For most of the history of AI, models were specialists. A vision model could recognize objects but could not explain what it saw. A language model could write eloquently about a sunset but had no concept of what one looked like. That era is now over.

The rise of Multimodal Large Language Models (MLLMs) represents one of the most consequential shifts in AI development since the Transformer architecture itself. These systems do not simply switch between modalities — they reason across them simultaneously, much the way a human professional reads a chart, listens to an explanation, and formulates a response all at once.

For Agentic AI specifically, this convergence is not a nice-to-have enhancement. It is a prerequisite. Chapter 2 argued that an agent must be economically viable; this chapter adds the next condition: it must be able to perceive the working environment in which the task exists. An agent operating in the real world must be able to perceive that world in all its richness — documents, screenshots, voice commands, sensor feeds, video streams — and act upon that perception intelligently.

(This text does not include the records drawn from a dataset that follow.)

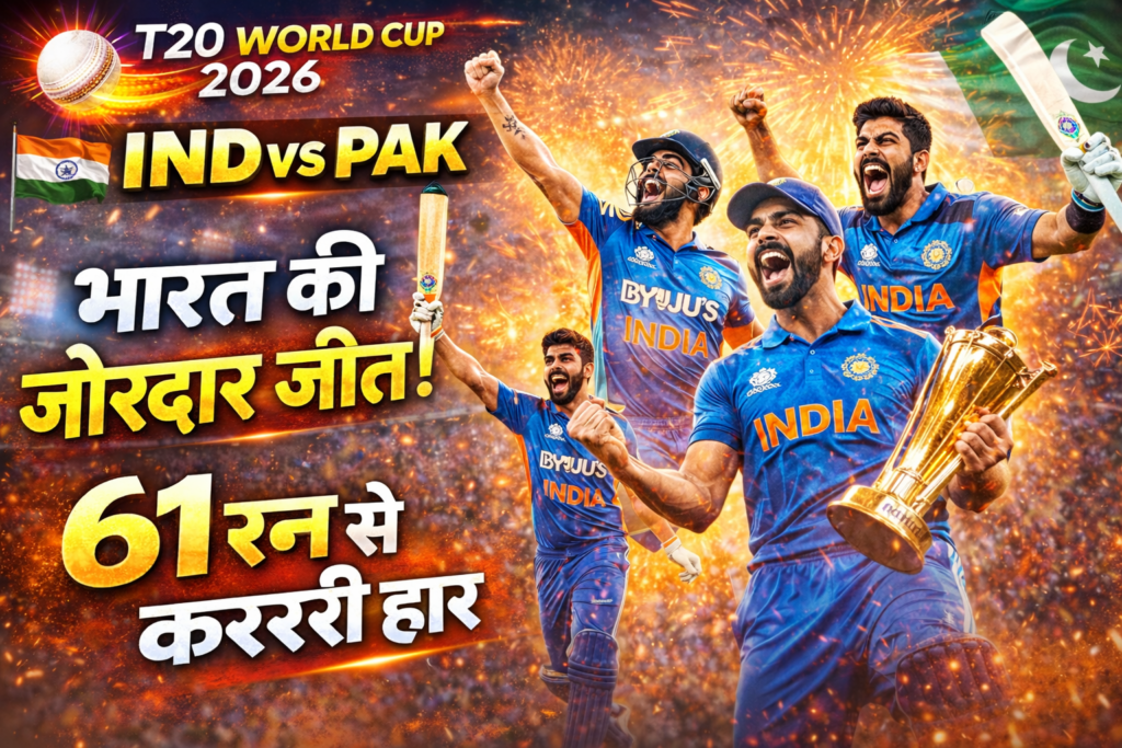 Bihar Times News । टी-20 विश्व कप 2026 में भारत ने पाकिस्तान को 61 रन से हराकर टूर्नामेंट में अपनी सबसे बड़ी जीत दर्ज की।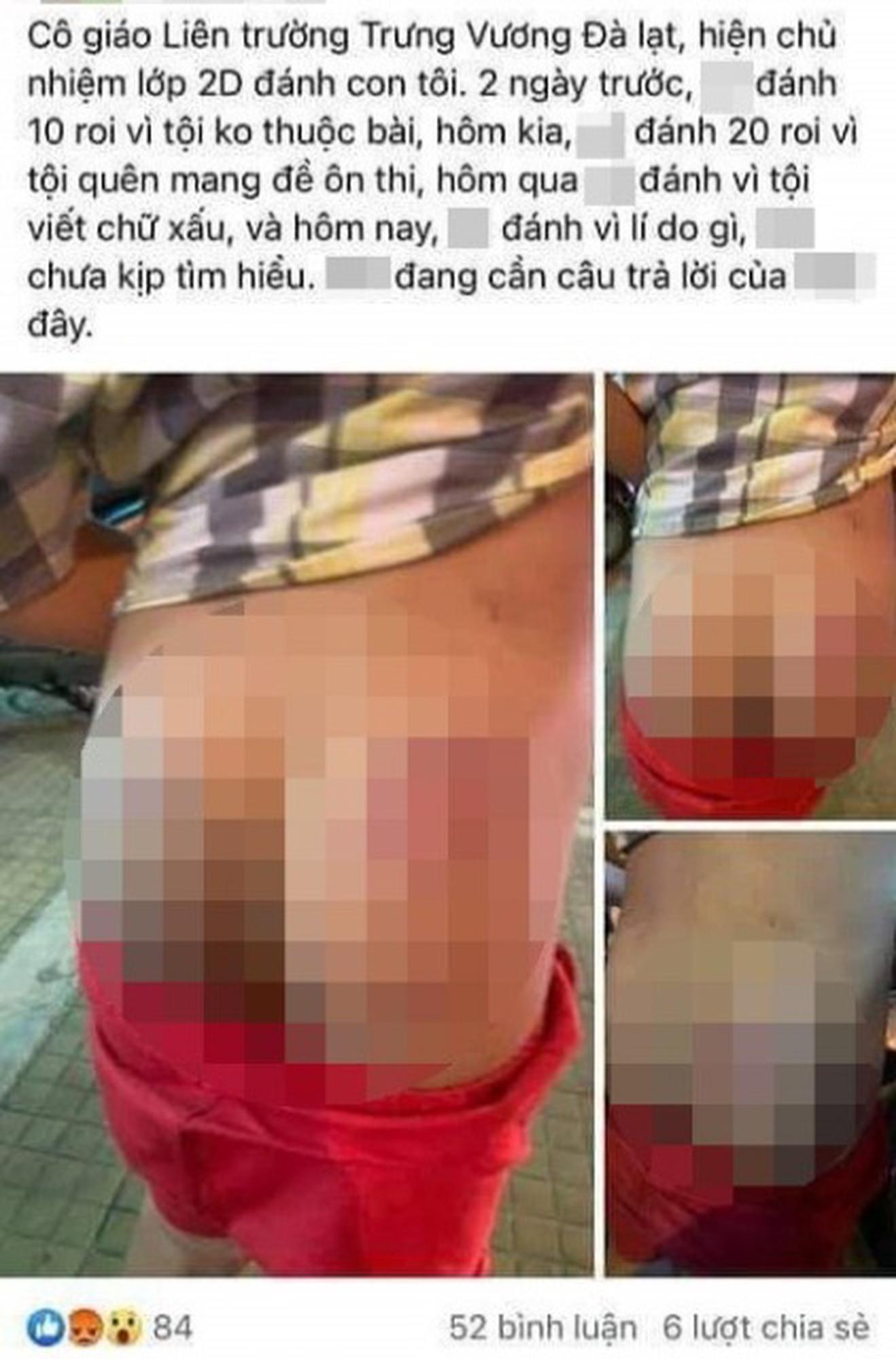 Trước đó, Báo Thanh tra đã phản ánh, trên mạng xã hội Facebook xuất hiện hình ảnh một học sinh lớp 2 bị đánh bầm tím phần mông, kèm theo thông tin tố cáo cô giáo Liên - Chủ nhiệm lớp 2D, Trường Tiểu học Trưng Vương, TP Đà Lạt nhiều lần đánh cháu P.H.K (học sinh lớp 2D), lãnh đạo Trường Tiểu học Trưng Vương thừa nhận vụ việc trên xảy ra ở trường.
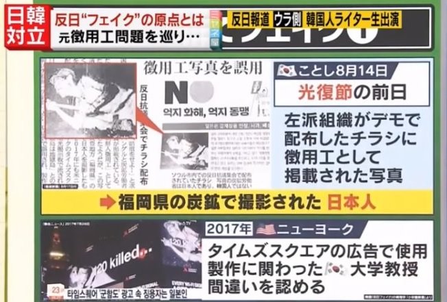 ・韓国では日本人炭鉱夫の写真が徴用工として流布されるなど歴史歪曲が行われている

How Multimodal Models Work

Modern MLLMs are trained from the ground up on mixed data — vast corpora containing text alongside images, transcripts alongside audio, and code alongside natural language explanations. This joint training allows the model to develop genuinely shared representations.

The technical machinery combines three components: a vision encoder that converts images or video frames into numerical embeddings; a language model backbone that handles reasoning and generation; and a cross-modal bridge that aligns visual embeddings into the same conceptual space as the language model's internal representations.

Key takeaway: Every multimodal model is built from three parts — something that sees, something that thinks, and a bridge that makes them speak the same language.

The field has undergone a significant architectural shift: early MLLMs trained vision and language jointly from scratch, while modern systems plug vision encoders into pretrained LLM backbones, leveraging reasoning capabilities already embedded in large language models. Models also differ significantly in how they bridge the two modalities — from simple linear projections and MLPs, to learnable query-based transformers (Q-Former), to dense cross-attention layers woven directly into the language backbone.⁴ Training now typically proceeds through multiple stages: large-scale pre-training to align modalities, instruction tuning for task versatility, and increasingly a reinforcement learning alignment stage to improve reasoning reliability and safety.³

Key takeaway: Modern multimodal models don't start from zero — they attach a vision system to a language model that already knows how to reason, then train the connection in stages.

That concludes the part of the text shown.